Early in our marriage, we took a road trip and he had the loaded gun in the car. It freaked me out the whole time and I kept thinking that somehow it was going to discharge and shoot me as I helplessly sat in the passenger seat. (Yes, my fear is that irrational.) In the house, one is kept loaded and easily accessible for home defense purposes ... or to shoot random yard zombies. I know where it's kept and I avoid it like the plague because just the sight of the holster makes me uncomfortable. It actually became a bit of a joke because I am known for my habit of eating any and all sweets in the house. Bryan had some candy sent to him by my Mom and he hid it. When I asked where, he said "somewhere I know you'll NEVER look." Turns out he hid it next to the gun, an excellent place because even my insatiable sweet tooth would never encourage me to look there.

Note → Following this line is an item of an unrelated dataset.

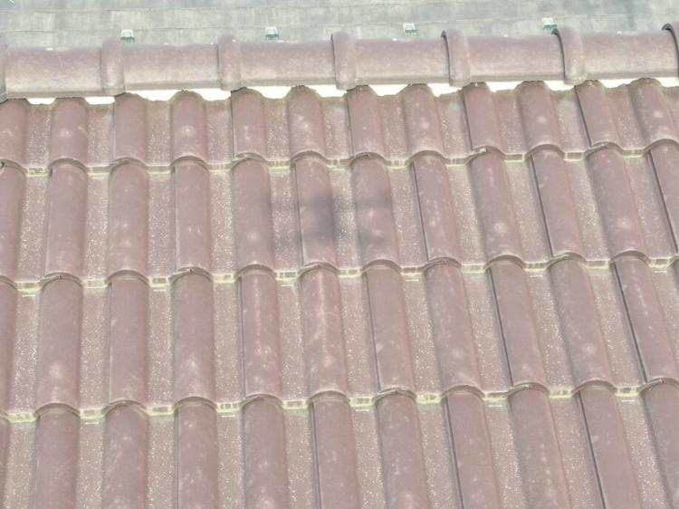 瓦と瓦の間やくぼんでいるところが、屋根の色とは違う色になっているのがわかると思います。
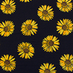 Pretty large scale yellow and orange painted effect sunflowers on a black colour soft cotton jersey rayon blend with spandex for a nice stretch and good recovery. Fabric is light to mid weight. Sunflowers measures 9.5cm.

"It's not safe! He shouldn't be around bullets!"
Bryan assured me that the bullets can't go off on their own.
After loading and unloading the bullet holder thing several times, he showed me what was putting in the gun bag: gun, ear plugs, shooting glasses, projectile bullets of death, and off we went.
I didn't like it.
I loaded my gun while Merc put the target in place for me. I went over all the directions in my head .... feet shoulder width apart, shoulders slightly forward, make a triangle with my arms, good grip with my shooting hand, wrap the other one around, raise the gun, sight my target. I went through these motions several times and finally squeezed back the trigger.
In the meantime, Merc said, "Did you see where those went??"